After upgrading Tanzu Platform for Cloud Foundry Windows to version 10.2.9, or following a Windows stemcell upgrade, applications fail to start.
The following error is observed in the application logs:
[CELL/0] ERR Failed after xx.xx.xx: startup health check never passed.
[HEALTH/0] [ERR] instance proxy failed to start: Timed out after 2m0s (60 attempts) waiting for startup check to succeed: failed to make TCP connection to <IP>:<PORT>: timed out after 1.00 seconds
This issue typically occurs during a cf push, application restage, or when a stemcell upgrade triggers a container restart.
The error indicates that the readiness health check performed by the Diego cell failed to receive a successful response from the application within the configured timeout period.

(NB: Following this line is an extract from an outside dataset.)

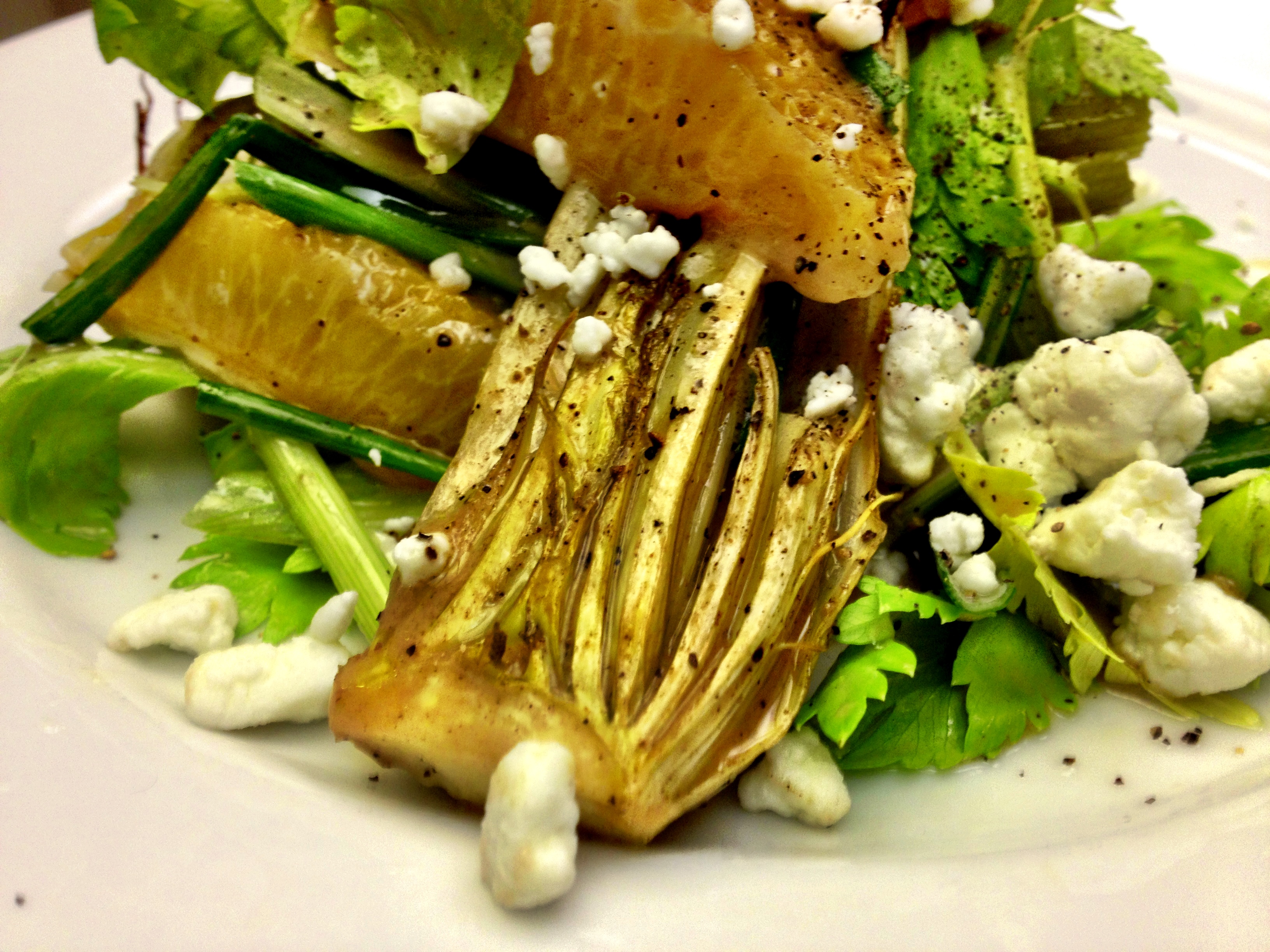 I had in mind a salad built around these roasted celery roots. Something citrus filled, with a creamy, crumbly cheese to balance out the flavors.

In version 10.2.9, changes to the Diego cell or underlying networking logic may result in stricter port-probing. If an application takes longer to bind to its port than the default 60-second timeout, or if the platform attempts to probe multiple ports that are not actively listening, the instance is marked as unhealthy and terminated.
To resolve this, change the health check type from port (the default) to process and increase the startup timeout. This allows the platform to verify that the Windows process is running without waiting for a specific network response that may be delayed during initialization.
Add or update the following properties in your manifest.yml:
applications:
- name: my-windows-app
health-check-type: process
timeout: 180 # Increase timeout to 180 secondsIf you prefer to apply the change to an existing application without a manifest update:
cf set-health-check APP_NAME processcf push APP_NAME -t 180
Review breaking change reference below.
https://techdocs.broadcom.com/us/en/vmware-tanzu/platform/elastic-application-runtime/10-2/eart/breaking-changes.html under section
"Change: Apps are no longer accessible via the Diego Cell IP and Diego Cell host port by default"
If changing the health check type from port (the default) to process is not acceptable. And also increasing timeout to 180 seconds continue to fail. Check for cybersecurity software like Crowdstrike if installed.
Uninstalling Crowdstrike resolve the health check type of port failure in one instance.